Wednesday, March 07, 2007

Love is not love if it is not freely given.

There is only one “love,” whether it is love of an enemy, or love of a sweetheart. “Fundamentally, ‘love’ is a single reality, but with different dimensions; at different times, one or other dimension may emerge more clearly.” – Deus Caritas Est

If love were merely a positive feeling, then how could we love our enemy, whom we do not even like? “Love is not merely a sentiment. Sentiments come and go. A sentiment can be a marvelous first spark, but it is not the fullness of love.” – Deus Caritas Est

The greatest gifts that God gave us in addition to our existence are reason, free will, and the capacity to love. We were created by God out of love, by an act of creative reason, and for love. Our purpose, the reason that we are here, is to love and be loved. Does it make sense that, in that area for which we are created, love, God would deprive us of those other gifts of reason and free choice of the will?

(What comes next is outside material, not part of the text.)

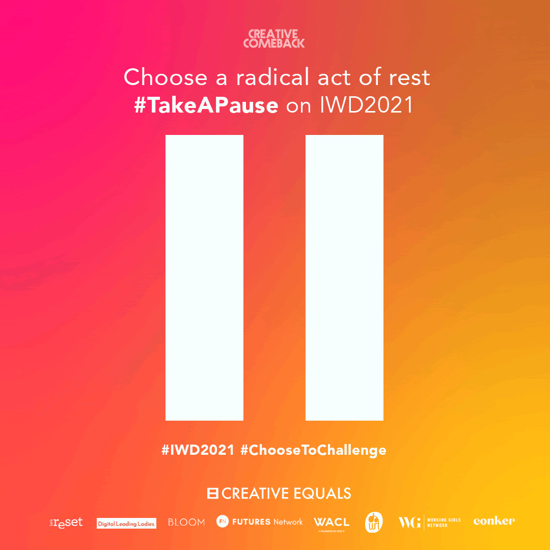 That's why this IWD, the CreativeComeback returners are asking the industry to #TakeAPause at 11am TODAY and consider the long-term impact of the pandemic on gender equality in their businesses and their gender pay gap.

Love is not love if it is not freely given. Love is not love if it is not the fruit of a conscious decision. Love is not a mere pleasure or sentiment. Love is a conscious, decisive choice of the other as the focus of affection, subordinating one’s self for the sake of the other. Love is a commitment of the will to the other person, with a view to that person’s good. In short, in all its aspects, love is a choice.

Love is more than just an emotional feeling, more than attraction and affection, and more than a desire for personal happiness or fulfillment. Love is a conscious act of the will to subordinate yourself, and to seek the good and welfare of the other, including the gift of yourself for the other’s benefit. Moreover, because you subordinate your own desires, this is a gift of full and complete unconditional love to the other, which does not concern itself with what you may or may not receive in return, although there is great joy when it is reciprocated. And such a love is secure because it does not depend upon and is not contingent upon the other person -- it only depends on you.

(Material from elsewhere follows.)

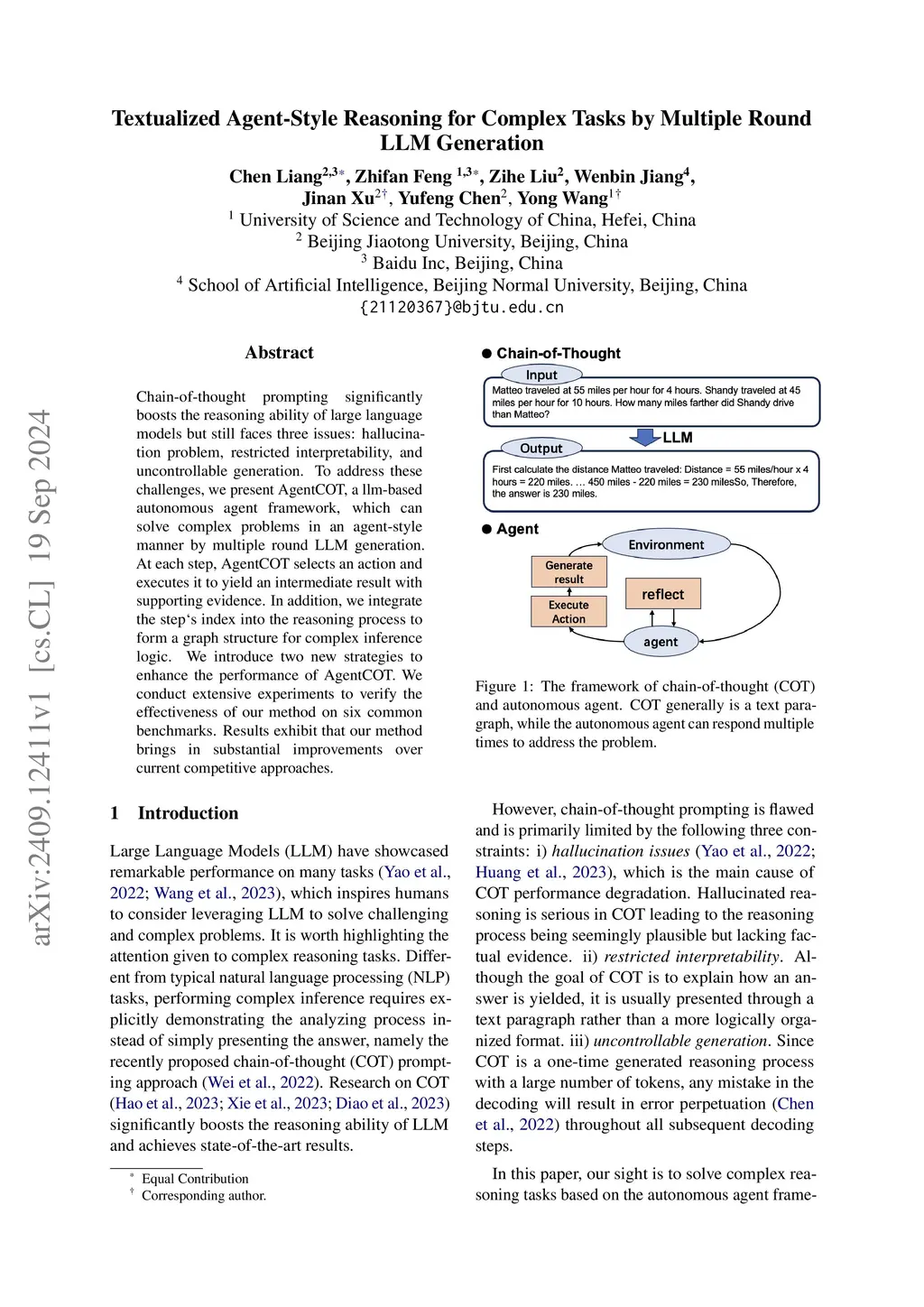 Chain-of-thought prompting significantly boosts the reasoning ability of large language models but still faces three issues: hallucination problem, restricted interpretability, and uncontrollable generation. To address these challenges, we present AgentCOT, a llm-based autonomous agent framework, which can solve complex problems in an agent-style manner by multiple round LLM generation. At each step, AgentCOT selects an action and executes it to yield an intermediate result with supporting evidence. In addition, we integrate the step's index into the reasoning process to form a graph structure for complex inference logic. We introduce two new strategies to enhance the performance of AgentCOT.We conduct extensive experiments to verify the effectiveness of our method on six common benchmarks. Results exhibit that our method brings in substantial improvements over current competitive approaches.

“The ‘commandment’ of love is only possible because it is more than a requirement. Love can be ‘commanded’ because it has first been given [by God]. Some people object and say that love cannot be commanded, that it is ultimately a feeling which is either there or not, nor can it be produced by the will. However, God has loved us first and he continues to do so; we too, then, can respond with love. God does not demand of us a feeling which we ourselves are incapable of producing. In God and with God, I love even the person whom I do not like or even know. This can only take place on the basis of an intimate encounter with God, an encounter which has become a communion of will, even affecting my feelings.” – Deus Caritas Est

So, how do you love – truly love? You make a conscious decision, an act of the will, that you will love no matter what, freely and unconditionally, that is, that you will seek the good of the other, and that you will give of yourself regardless of what the other gives or does not give back. Love is a gift of self, accepting the person who is loved as they really are, without the merits of whether or not they “deserve” to be loved. And if you feel that you do not have that power within you, ask for a little help, which we call grace, from God. And by having such a complete loving disposition, we are able to obtain a level of contentment and happiness that is permanent. It is another one of those curious paradoxes -- by sacrificing yourself, even your personal happiness and security, you gain an even greater happiness and security.

It is also something which approaches the divine. After all, mankind has given God little more than rejection and infidelity throughout history. And yet, He continues to love us, fully, completely, and unconditionally. He refuses to stop loving us, even when we torture Him and murder Him. He continues to give. And so, He truly does embody love; He truly is Love itself. If we love as He loves, we are truly secure. Thus, we most become like God, not by eating from the Tree of Knowledge, but by eating from the Tree of Love.